• [Data extract]
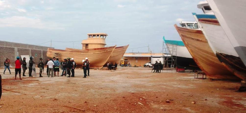 Con la autorización de descerraje y allanamiento del Quinto Juzgado de Investigación Preparatoria en Delitos Ambientales de la Corte Superior de Justicia de Piura, las autoridades ingresaron a los astilleros (centros de transformación primaria) ubicados en Zona Industrial de la parte alta de dicha provincia, constatando el uso de madera ilegal en la construcción de embarcaciones pesqueras comerciales y artesanales.
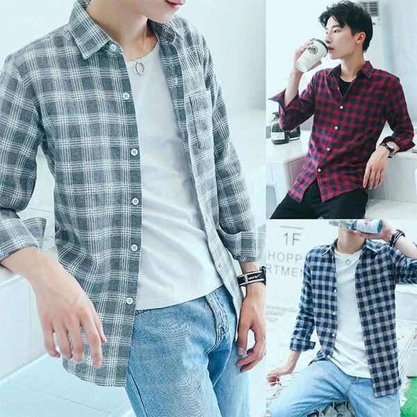 【セール】即納 安い メンズ チェック柄 シャツ 長袖 トップス インナー ライトアウター 定番 オールシーズン カジュアルシャツ...
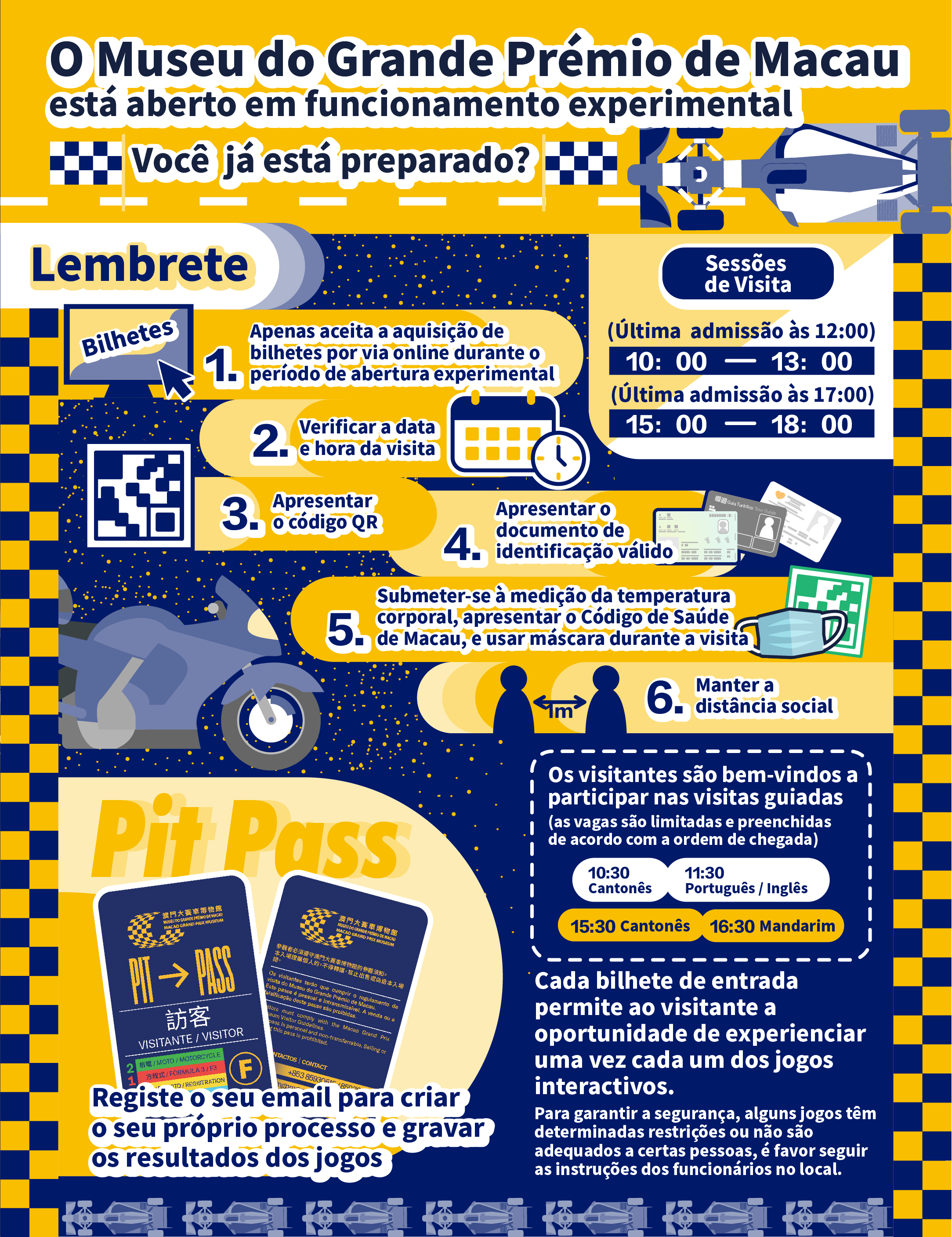 Durante o período de abertura experimental do museu, estarão disponíveis, diariamente, sessões de visitas guiadas ao público. Apela-se que prestem atenção ao horário de diferentes idiomas das visitas guiadas, e são bem-vindos a participarem nas visitas guiadas mediante inscrição presencial no museu. Face ao número limitado de guias disponíveis, as vagas para as visitas guiadas são preenchidas de acordo com a ordem de chegada. O Museu do Grande Prémio de Macau seguirá rigorosamente as orientações para a prevenção e controlo da pandemia emitidas pelos Serviços de Saúde. Os visitantes têm de usar máscara, submeter-se à medição da temperatura corporal e apresentar um Código de Saúde de Macau válido.
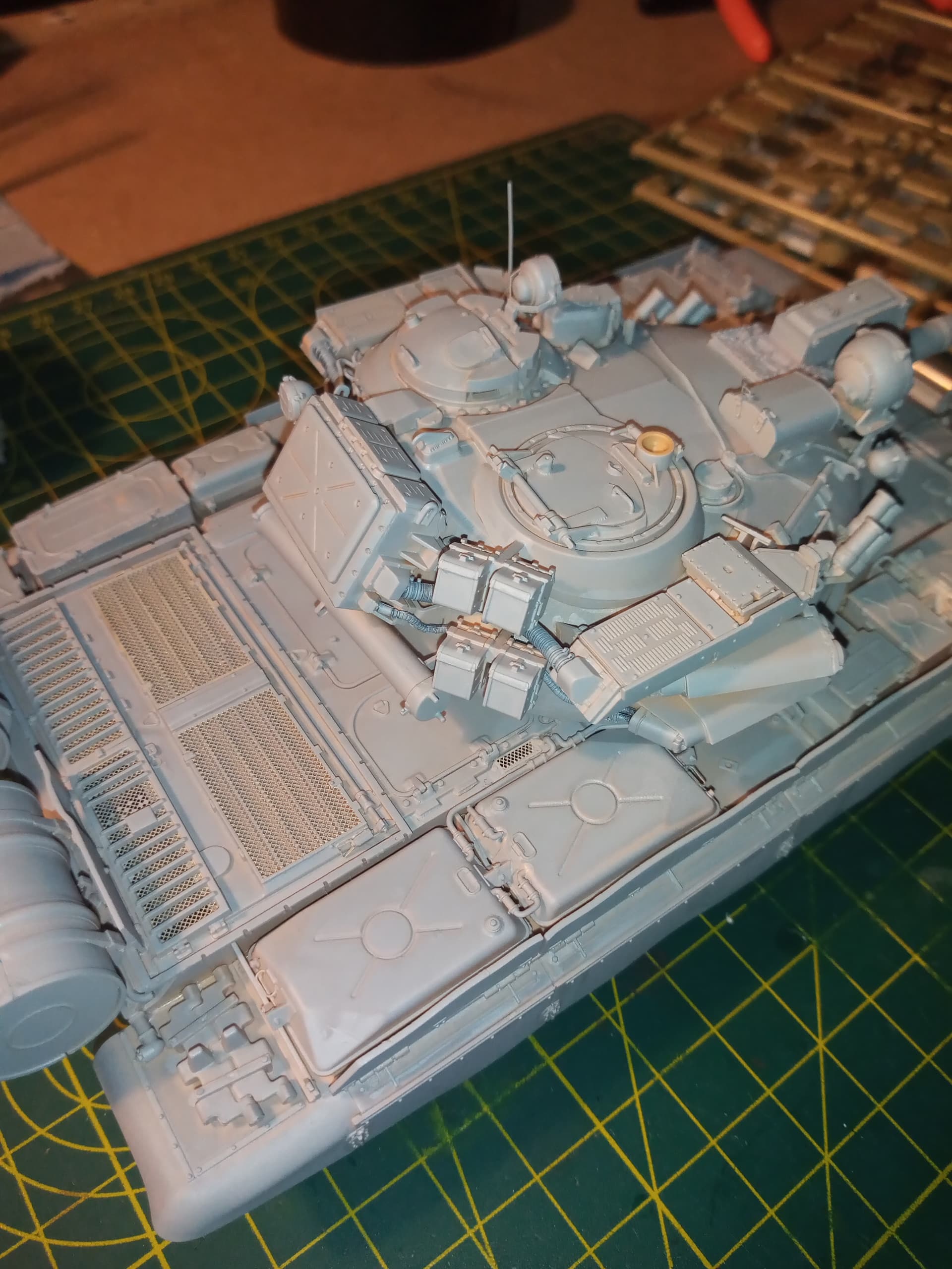 Night Porter? Nice job! It’s funny how no matter how much “extra time” we’re given (being retired) we always encounter things that take up our free time! Whether we want it to or not. My daughter has gone back to work so I am now grandson - watching FIVE days a week. I’m not sure how I solely got assigned this task, aside from that the boys are very fond of me, but up until Saturday I hadn’t gotten to the bench in 6 months! I had to dust it off. I was all settled into retirement, with all my affairs in order, and along come grandsons. They are now 4 and 6, so I’ve got years to go. They are still a little too rambunctious for models. Trying to find bench time? There’s always a phone call, or an email, that asks me to do something for someone. Ah well, the best laid plans, as they say. I’m trying to establish a daily schedule that doesn’t interfere with dinner to eek out an hour a day for the bench. So that’s my day,and I know yours. Sorry for the tangent John. Keep building this T-55 is coming along brilliantly!

• [Exercise details] All lines from the one holding "Durante o período" to the end of the listing above need to be duplicated exactly. None of the pictures should be included.

• [Result]
 Durante o período de abertura experimental do museu, estarão disponíveis, diariamente, sessões de visitas guiadas ao público. Apela-se que prestem atenção ao horário de diferentes idiomas das visitas guiadas, e são bem-vindos a participarem nas visitas guiadas mediante inscrição presencial no museu. Face ao número limitado de guias disponíveis, as vagas para as visitas guiadas são preenchidas de acordo com a ordem de chegada. O Museu do Grande Prémio de Macau seguirá rigorosamente as orientações para a prevenção e controlo da pandemia emitidas pelos Serviços de Saúde. Os visitantes têm de usar máscara, submeter-se à medição da temperatura corporal e apresentar um Código de Saúde de Macau válido.
 Night Porter? Nice job! It’s funny how no matter how much “extra time” we’re given (being retired) we always encounter things that take up our free time! Whether we want it to or not. My daughter has gone back to work so I am now grandson - watching FIVE days a week. I’m not sure how I solely got assigned this task, aside from that the boys are very fond of me, but up until Saturday I hadn’t gotten to the bench in 6 months! I had to dust it off. I was all settled into retirement, with all my affairs in order, and along come grandsons. They are now 4 and 6, so I’ve got years to go. They are still a little too rambunctious for models. Trying to find bench time? There’s always a phone call, or an email, that asks me to do something for someone. Ah well, the best laid plans, as they say. I’m trying to establish a daily schedule that doesn’t interfere with dinner to eek out an hour a day for the bench. So that’s my day,and I know yours. Sorry for the tangent John. Keep building this T-55 is coming along brilliantly!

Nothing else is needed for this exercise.